START Records

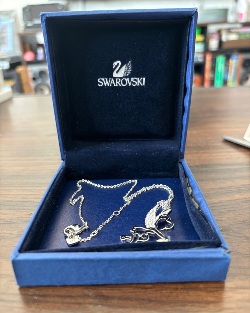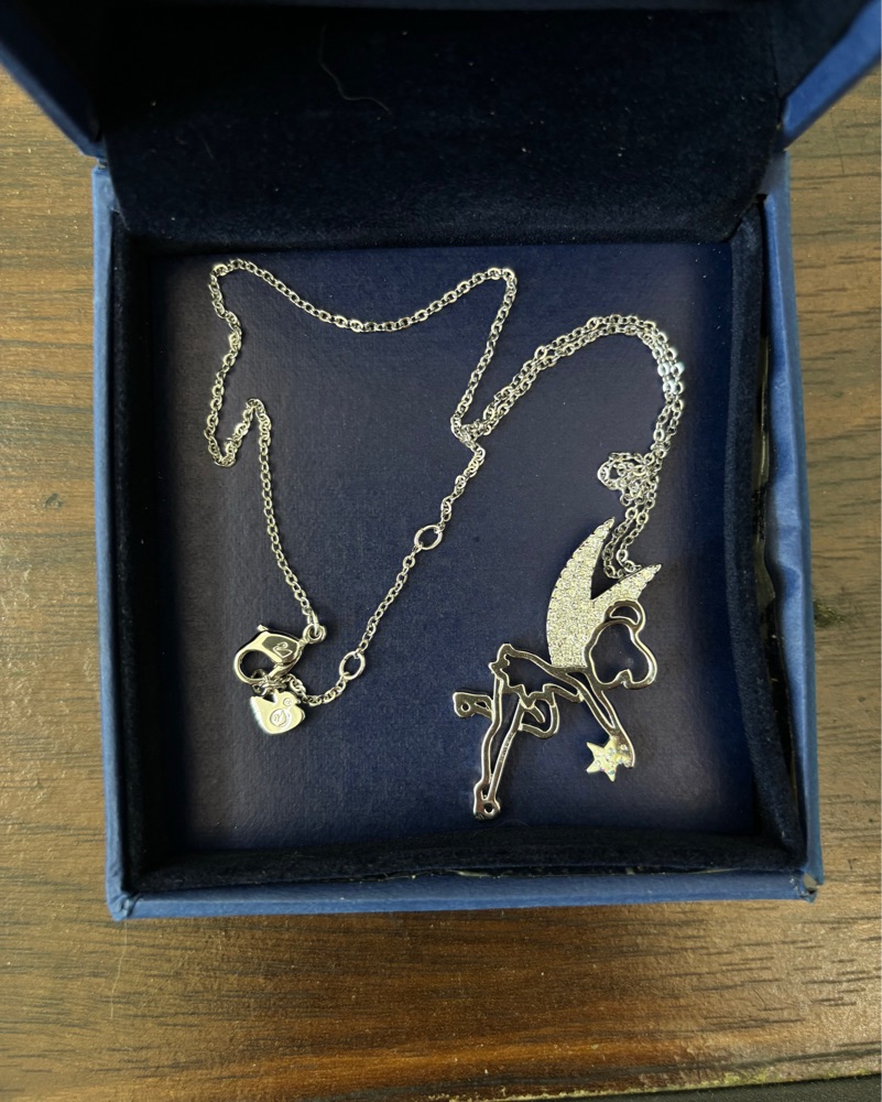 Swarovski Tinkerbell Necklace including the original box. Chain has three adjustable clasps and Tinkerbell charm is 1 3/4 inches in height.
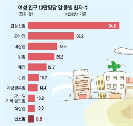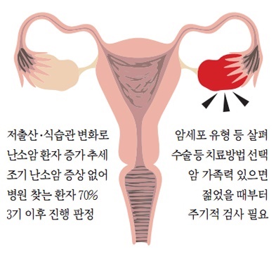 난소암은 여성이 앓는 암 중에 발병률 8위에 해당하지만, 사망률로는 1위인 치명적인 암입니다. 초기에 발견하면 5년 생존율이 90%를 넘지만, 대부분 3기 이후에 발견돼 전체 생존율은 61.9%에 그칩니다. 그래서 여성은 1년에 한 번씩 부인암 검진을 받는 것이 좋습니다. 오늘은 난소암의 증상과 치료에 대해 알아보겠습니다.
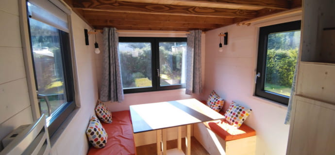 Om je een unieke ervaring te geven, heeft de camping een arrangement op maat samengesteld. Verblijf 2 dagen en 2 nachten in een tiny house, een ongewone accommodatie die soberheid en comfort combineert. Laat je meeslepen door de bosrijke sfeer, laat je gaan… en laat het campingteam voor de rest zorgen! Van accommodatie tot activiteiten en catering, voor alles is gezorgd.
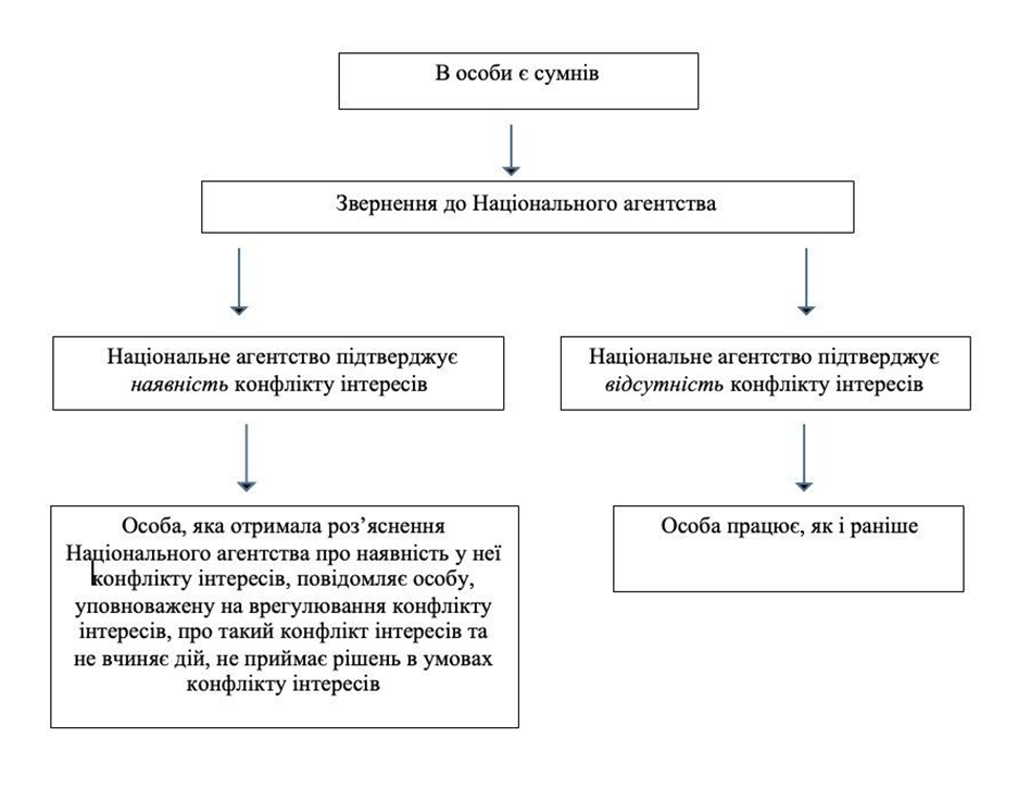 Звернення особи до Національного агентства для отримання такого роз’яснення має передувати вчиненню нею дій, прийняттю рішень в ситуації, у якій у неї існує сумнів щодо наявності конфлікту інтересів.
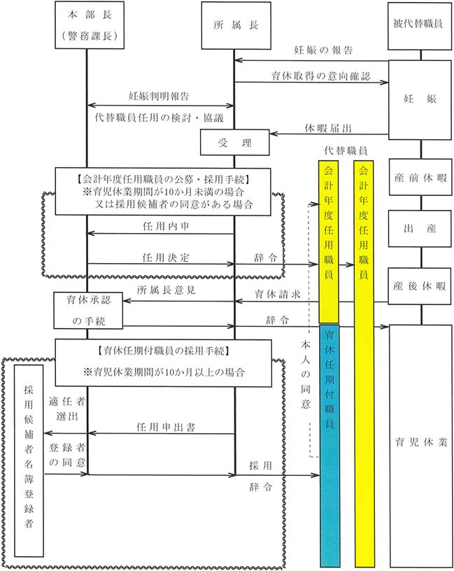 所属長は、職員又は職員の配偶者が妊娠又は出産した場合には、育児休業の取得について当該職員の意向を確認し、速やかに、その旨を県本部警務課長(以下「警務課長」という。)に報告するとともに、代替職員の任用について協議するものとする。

END Records

#### Assigned task
Copy the final portion of the records: every line from the one containing "Звернення особи до" through the last, word for word, without pictures.

#### Your solution
 Звернення особи до Національного агентства для отримання такого роз’яснення має передувати вчиненню нею дій, прийняттю рішень в ситуації, у якій у неї існує сумнів щодо наявності конфлікту інтересів.
 所属長は、職員又は職員の配偶者が妊娠又は出産した場合には、育児休業の取得について当該職員の意向を確認し、速やかに、その旨を県本部警務課長(以下「警務課長」という。)に報告するとともに、代替職員の任用について協議するものとする。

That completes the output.